A New Way to See

Ramblings in Mind

T.25.IX. 9.1
Let your “secret sins” be removed for you. Keep no little problems to solve by “yourself.”


WB 281
I can be hurt by nothing but my thoughts.

There is no sin or evil in God, therefore none in me.
I remain as Love created me. I am His Son eternally.
I am perfect, compete and pure idea in the Mind of Love.
Perfect Love created m perfect.
Certain Love created me secure.
Innocent Love created me blameless.
Endless Love created me eternal.

WB 284  I can elect to change all thoughts that hurt.

“Loss is not loss when properly perceived. Pain is impossible. There is no grief with any cause at all. And suffering of any kind is nothing but a dream.”
What our Father gives cannot hurt, so grief and pain are impossible. Let me not fail to trust in Him.   
Let me accept only the joyous as His gifts, only the joyous as the truth.

What do I want?

It feels like I still hold the fears that I had from childhood. W.D.I.W?  I want to feel safe (secure) and loved. It is only my own thoughts that “hurt” me; prevent me from knowing my safety and love. I cease to give credit or credence to the ego system. It’s thoughts only show me an insane and meaningless world.
My false perceptions tell me that I’m not loved and not safe. False perceptions say that I can harm or attack, so that there is always threat of being attacked/harmed by “others” (outside world). My perception is sick and needs healing.

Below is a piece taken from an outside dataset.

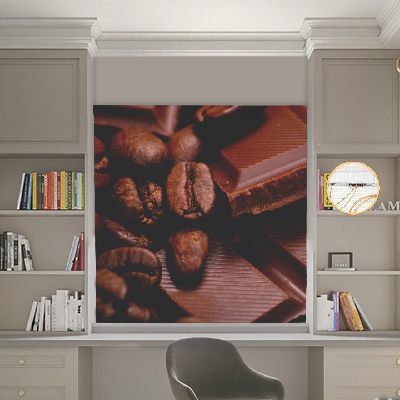 Римська штора з ланцюжковим карнизом Фотодрук Кавові зерна Блекаут

This healing correction does not come from me, yet comes to me at my invitation. I stop, step back, quiet my mind and allow a new perception to come to me (or mind). My wrong perceptions will fade and vanish as I give them to H. S. for correction. I asked for help and He has answered.

Dear Lord, help me give up the thoughts that hurt me. I surrender my foolish thoughts, the unhappy scared dream of loss and death.
I accept the truth in place of vain fantasies. Amen.

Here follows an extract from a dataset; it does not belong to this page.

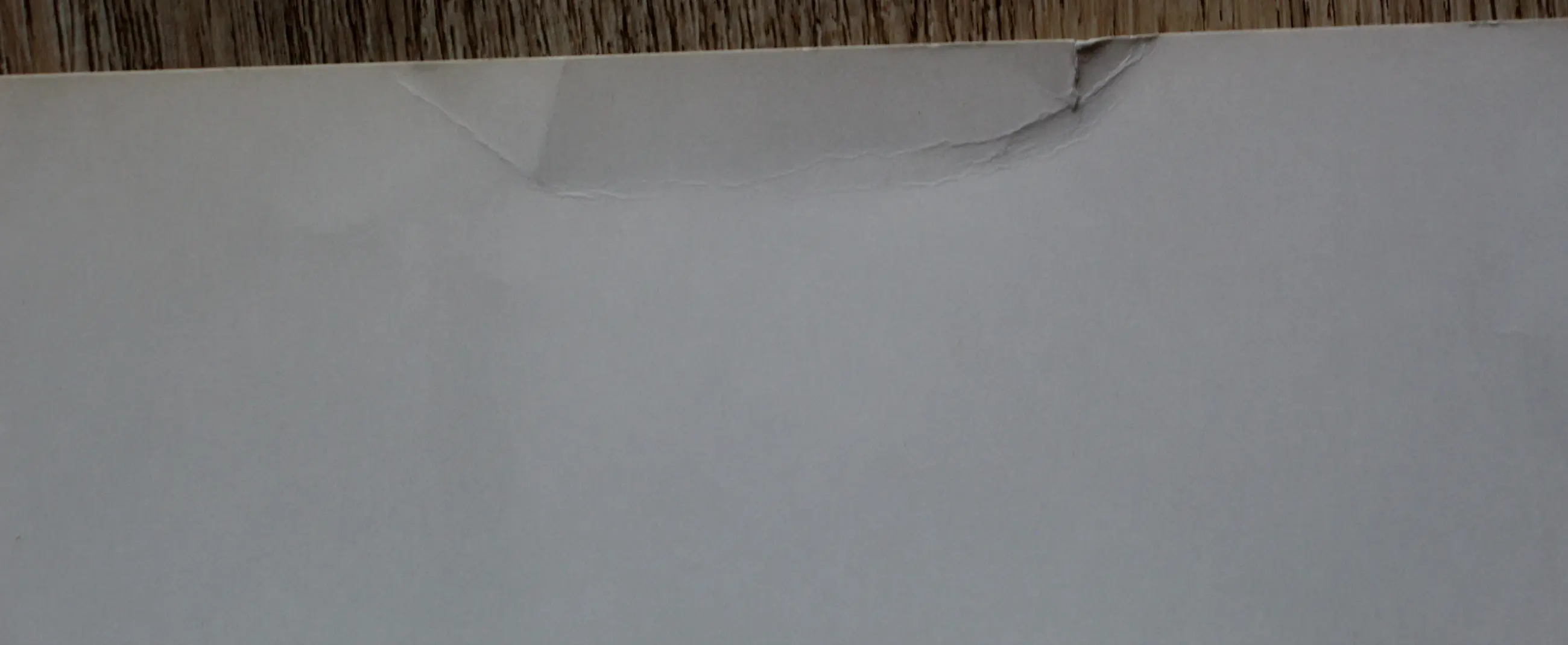 | Op het blad zitten wat kreukels. Midden bovenaan zit, op het witte gedeelte, een scheurtje. | |||||||||||

Do I want to believe I am a victim? Then the world will bring to me the witnesses for the sick perception. Do I want to believe that I’m imperfect, weak and undeserving? Then the world reflects the thoughts that support the false ideas. Do I really want this to be the truth? Am I not ready to give up my sick beliefs?

The body only reports what the mind sends to it. With false thoughts of separation, guilt and fear the body becomes “home” to insanity and illusion, pain and despair. This is not the home I really want.

Dear Lord, lead me out of illusions. Replace all sick and sad thoughts with truth of Love. Erase all errors and let me see the Light of perfect Love in all that I look on. Amen.